M brought up an interesting point-to-ponder in her comment to my last post, about my friend Angie's struggle with her emotions regarding her boyfriend's kids. Would I have felt differently about my husband if he had come with a child?
I honestly don't know. Angie's situation is difficult, I think, because he has always come with this baggage. She knew he was a parent long before they started dating, and that's one reason that they knew each other for over a year before finally getting together. It's colored her impressions of the relationship and the "where is this going" end of it since the beginning.
My husband's ex was raising a son when they were together, and he was a true father figure to the boy. His sourness over the way she left things was exacerbated by the immediate breaking of ties with her kid. Even though he was pretty much the dad for the two years they lived together, he never got to say goodbye (because she was evil and selfish), and I think that's a sore spot that he never talks about. But let's say, for a moment, that this kid was his child, and that he was still in his life. Would I have still been interested?
I can say that it probably would've been something to add in the "con" column of our pro/con list (not the kid, per se, but all the baggage the kid brought into the relationship), but I'm not sure it would've been the dealbreaker. I don't think I could be a custodial parent, but if it meant having him in my life? Knowing what I know now about my husband I'd do it in a heartbeat, much in the same way that I'd take custody of my niece without question if something happened to my brother. However, I doubt I'd have even begun a relationship with him if he had been a custodial parent. A non-custodial parent? That's a big maybe.

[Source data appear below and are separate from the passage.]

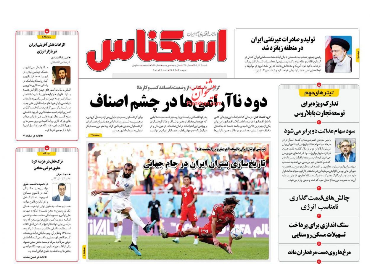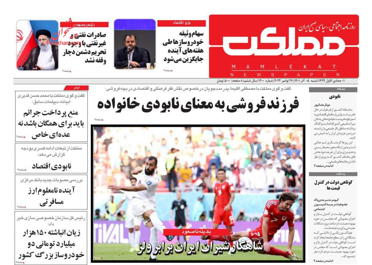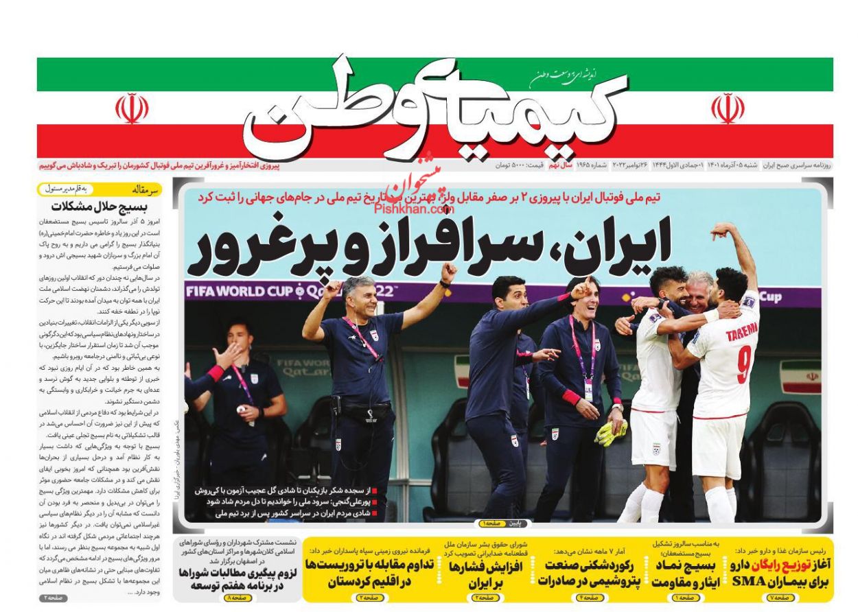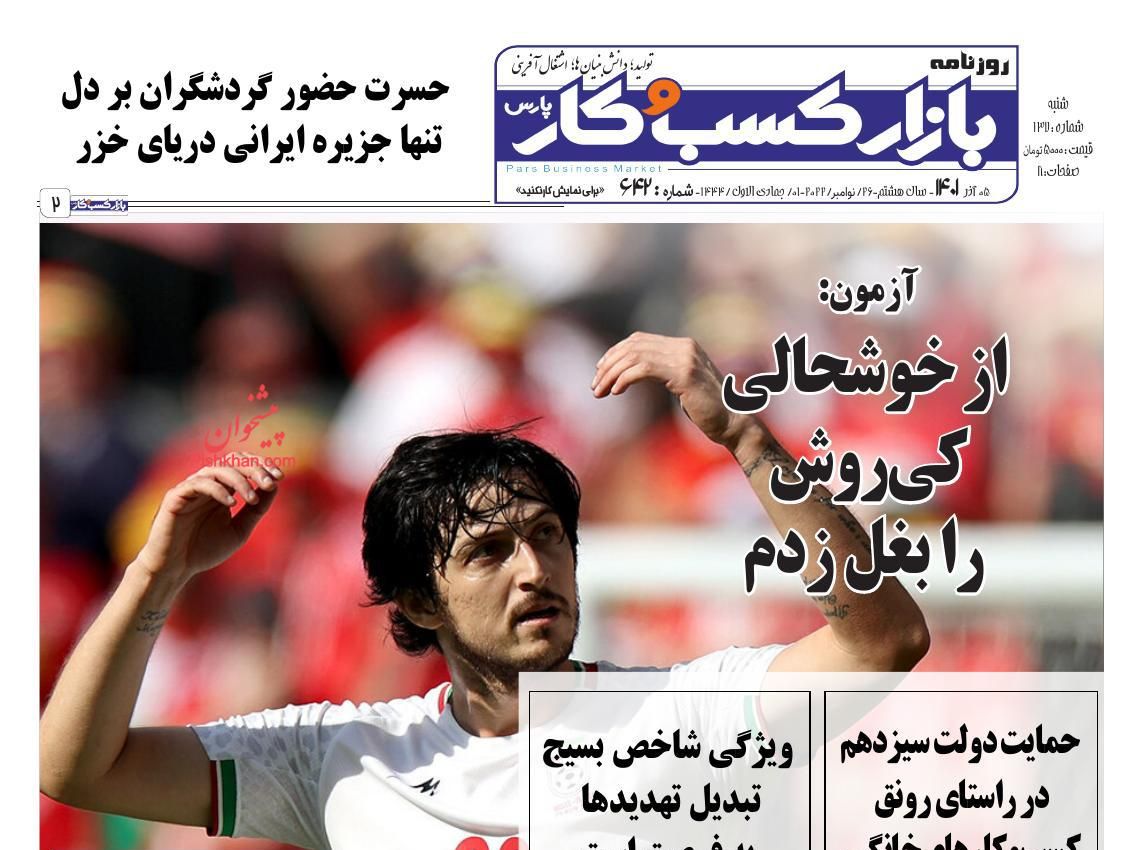 صفحه نخست روزنامه ها/ شنبه ۵ آذر ۱۴۰۱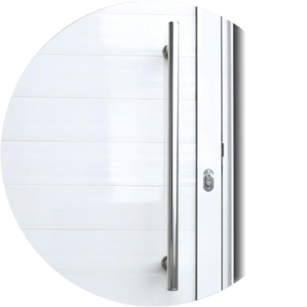 Portas de Abrir de Alumínio Linha Super 25 Pintura Eletrostática Mix Preta 1 Folha de Abrir para o Lado Direito Lambris Horizontais Puxador Londres 60 Cm Polido Altura 210 Cm Largura 90 Cm Requadro 4,6 Cm Garantia de 5 anos contra defeitos de fabricação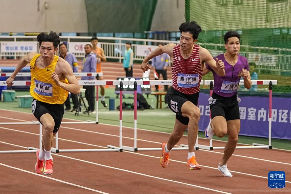 3月9日,上海队选手秦伟搏(中)在男子60米栏决赛中。他以7秒56的成绩获得冠军。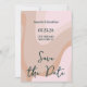Rosa Retro Wave Bröllop spara datum-inbjudan En snyggt modern bröllop spara datum med elegant svart skript på en rosa, brun och terracotta-reflexbakgrund. Anpassa med din händelseinformation.

As for Angie & her boyfriend? Who knows. After her engagement broke up a year and a half ago she vowed to spend the year abroad that her former fiancé had poo-pooed due to finances. She's been saving up since then and I think it's extremely important for her personal growth that she does it. I also think that her boyfriend will not be able to join her, and this will break her heart. Had they met after this year abroad I think it would be a completely different story, and maybe they'll come back together after her trip. I just think that if this doesn't work for them, it will have a lot more to do about the timing of the relationship than about his kids.